Normally I see the 'I hate parenting' threads and pop on to say 'don't worry it gets better' but I can't talk any sense into myself.
I have a 3 year old and 9 month old and basically dragging myself through everyday and night. Both kids are ill and have been ill with different things for two months now so no sleep. And In fact broken sleep for me for almost 4 years with all the pregnancy sleep crap.
3 year old is a nightmare atm. Like a horrible tyrant who screams and shouts and demands and is rude to people with no filter. She can be the sweetest, funniest and intelligent chatty personality but we are on an awful phase. I've tried love bombing her and I've been very strict and no approach works. She is her own person and nothing I do makes a difference. She will not listen and she will not be tamed or bribed or sanctioned. She doesn't give a fuck about anything.

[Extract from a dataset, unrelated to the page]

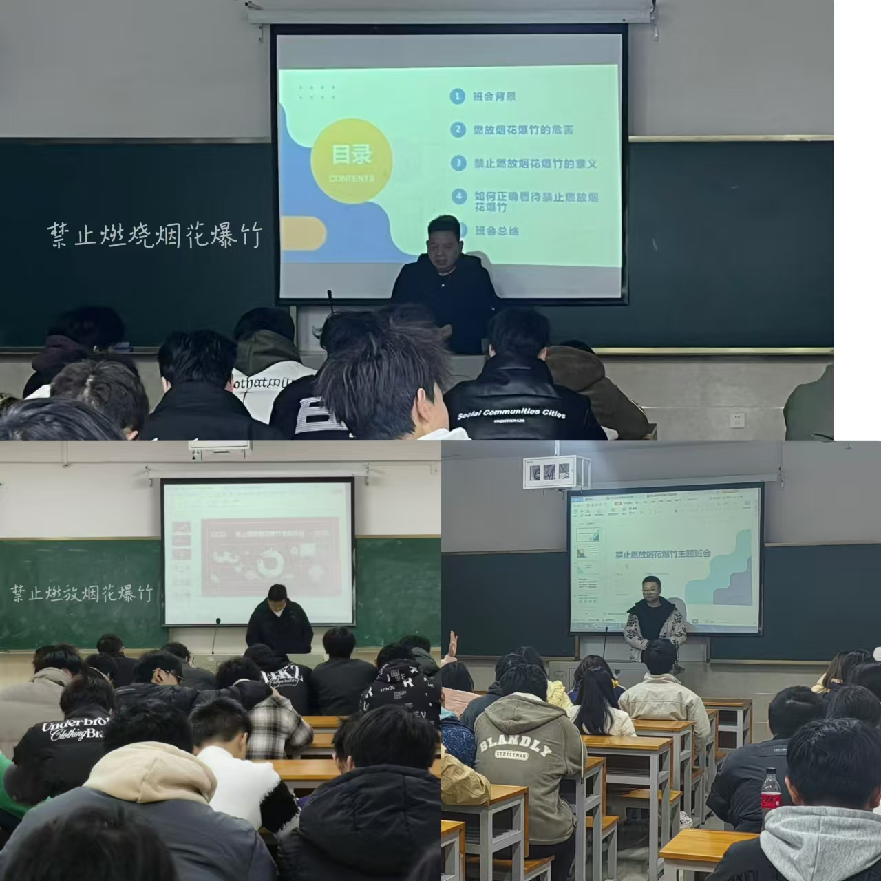为进一步加强同学们的安全意识,培养大学生对安全隐患的察觉,12月22日晚上各班级在主教楼举办了以禁止燃放烟花爆竹为主题的班会,旨在增强同学们的安全意识和环保意识,共同营造安全、文明、绿色的节日氛围。

She goes to preschool 3 times a week and we are upping it to 4 but the more she goes the more tired she is and the more awful her behaviours.
I'm so sick and tired of her and not sleeping. I feel like she's ruining my time with the baby as she dominates everything.
I can't keep the house tidy and washing is never ending. Everywhere I look there's stuff to do and fucking sick of it all. H is excellent day and night so I can't even blame him. But two kids is horrific, like a living hell. Then I feel guilty for saying that and wishing our precious time away. I want these days to be so special but the reality is crap.
Why does anyone go on to have more than two kids?